* **Activity**:
Output everything in the data exactly, leaving the pictures out.
START Information shown
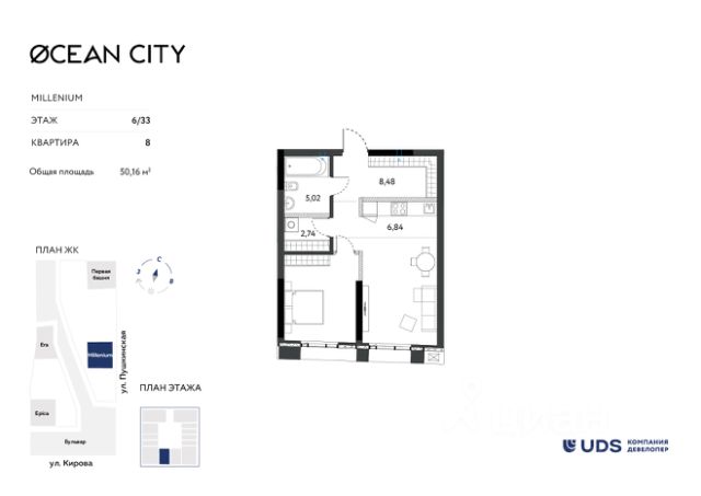 СТАРТ ПРОДАЖ! Продаётся 2-комнатная квартира с кухней-гостиной от девелопера UDS в ЖК "Пять континентов" в финальном доме комплекса 5. Секция 2 на 2 этаже. Общая площадь — 36,9 м². Выбирайте квартиру в топовой локации Ижевска, чтобы всё успевать сегодня и создавать надёжный актив на будущее. — Самый центр города — район, где кипит жизнь. — Пешеходный бульвар вдоль домов — ваша зелёная зона для прогулок, пробежек и встреч в любое время, прямо под окнами. — Все виды общественного транспорта. Остановка — "магазин Океан". — 15 минут до набережной и Центральной площади. Рядом вся необходимая инфраструктура: детские сады, школы, магазины и кафе. — Закрытый двор без машин — спокойно отдыхайте после рабочего дня. — Внутри комплекса — тишина и безопасность, вокруг — динамика центрального района. — Для автомобилистов: подземный паркинг и наземная стоянка. Кафе и магазины — на 1 этаже. Сервисы отеля у вас дома — при покупке недвижимости в домах UDS получаете в подарок 6 месяцев сервиса: масштабная уборка после ремонта, генеральная и регулярная поддерживающая уборка, химчистка мебели, мойка окон. Наслаждайтесь жизнью в новой квартире с первого дня и не думайте о бытовых вопросах. Идеальная планировка для начала новой жизни: • Спальня 12 м² с выходом на лоджию. Окна выходят на новый сквер. • Кухня-гостиная 15,4 м² — oптимaльно для встpеч и отдыха. • Ниша для шкафа в прихожей. • Всего 48 квартир в доме, 9 этажей меньше соседей, больше приватности. Отличный вариант для инвестиций или как первая квартира для ребёнка. Передача ключей — до 30 марта 2029 года. Первые дома уже сданы. Пройдите тест-драйв ЖК — приглашаем на экскурсию. Специальные условия покупки от UDS: • Рассрочка 0% — без переплат. • Трейд-ин — обменяем вашу квартиру на новую. • Банковские программы — рассчитаем на месте. Звоните, пишите — поможем подобрать оптимальные условия. ЖК "Пять континентов" — жильё в центре — ликвид, с которым вы всегда в плюсе.
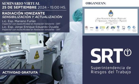 La Superintendencia de Riesgos del Trabajo (SRT) y la Junta Central de los Consejos Profesionales de Agrimensura, Arquitectura e Ingeniería de Jurisdicción Nacional invitan a participar del Seminario: Radiación Ionizante - Sensibilización y Actualización.
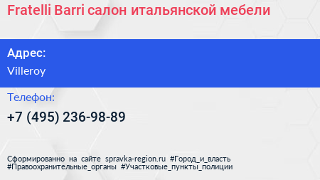Fratelli Barri, салон итальянской мебели по адресу Villeroy в дальнейшем Организация, размещена в следующих категориях:
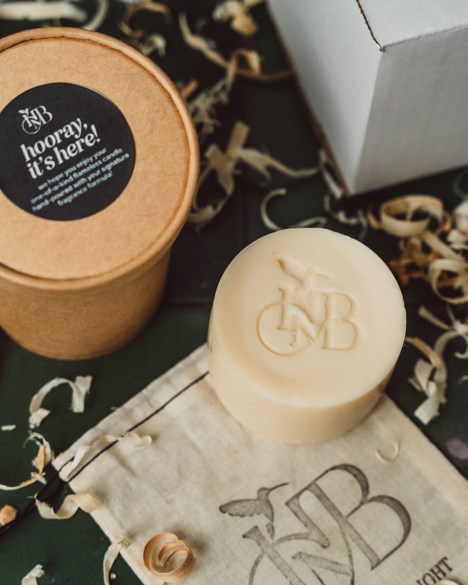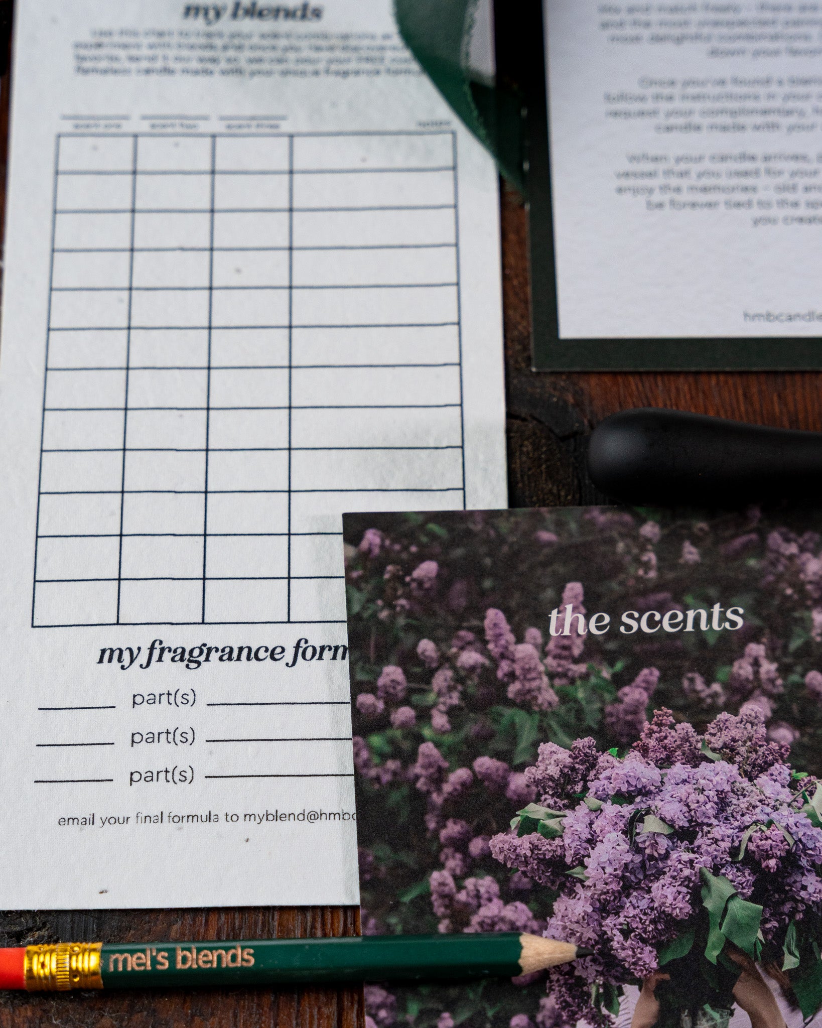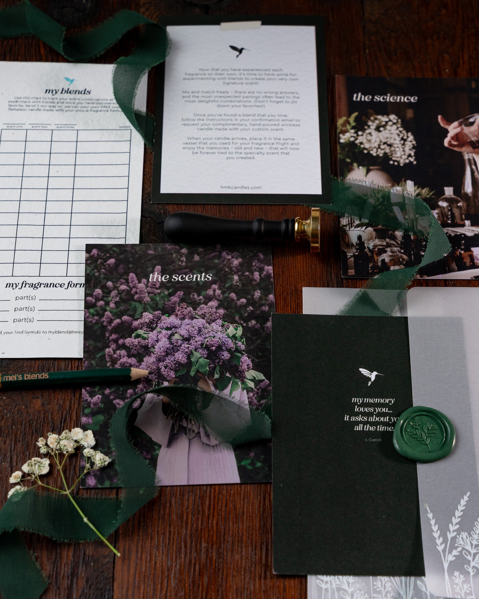 • One custom flameless candle poured with your signature fragrance formula (shipped separately)
END Information shown
* **Finished exercise**:
 СТАРТ ПРОДАЖ! Продаётся 2-комнатная квартира с кухней-гостиной от девелопера UDS в ЖК "Пять континентов" в финальном доме комплекса 5. Секция 2 на 2 этаже. Общая площадь — 36,9 м². Выбирайте квартиру в топовой локации Ижевска, чтобы всё успевать сегодня и создавать надёжный актив на будущее. — Самый центр города — район, где кипит жизнь. — Пешеходный бульвар вдоль домов — ваша зелёная зона для прогулок, пробежек и встреч в любое время, прямо под окнами. — Все виды общественного транспорта. Остановка — "магазин Океан". — 15 минут до набережной и Центральной площади. Рядом вся необходимая инфраструктура: детские сады, школы, магазины и кафе. — Закрытый двор без машин — спокойно отдыхайте после рабочего дня. — Внутри комплекса — тишина и безопасность, вокруг — динамика центрального района. — Для автомобилистов: подземный паркинг и наземная стоянка. Кафе и магазины — на 1 этаже. Сервисы отеля у вас дома — при покупке недвижимости в домах UDS получаете в подарок 6 месяцев сервиса: масштабная уборка после ремонта, генеральная и регулярная поддерживающая уборка, химчистка мебели, мойка окон. Наслаждайтесь жизнью в новой квартире с первого дня и не думайте о бытовых вопросах. Идеальная планировка для начала новой жизни: • Спальня 12 м² с выходом на лоджию. Окна выходят на новый сквер. • Кухня-гостиная 15,4 м² — oптимaльно для встpеч и отдыха. • Ниша для шкафа в прихожей. • Всего 48 квартир в доме, 9 этажей меньше соседей, больше приватности. Отличный вариант для инвестиций или как первая квартира для ребёнка. Передача ключей — до 30 марта 2029 года. Первые дома уже сданы. Пройдите тест-драйв ЖК — приглашаем на экскурсию. Специальные условия покупки от UDS: • Рассрочка 0% — без переплат. • Трейд-ин — обменяем вашу квартиру на новую. • Банковские программы — рассчитаем на месте. Звоните, пишите — поможем подобрать оптимальные условия. ЖК "Пять континентов" — жильё в центре — ликвид, с которым вы всегда в плюсе.
 La Superintendencia de Riesgos del Trabajo (SRT) y la Junta Central de los Consejos Profesionales de Agrimensura, Arquitectura e Ingeniería de Jurisdicción Nacional invitan a participar del Seminario: Radiación Ionizante - Sensibilización y Actualización.
Fratelli Barri, салон итальянской мебели по адресу Villeroy в дальнейшем Организация, размещена в следующих категориях:
 • One custom flameless candle poured with your signature fragrance formula (shipped separately)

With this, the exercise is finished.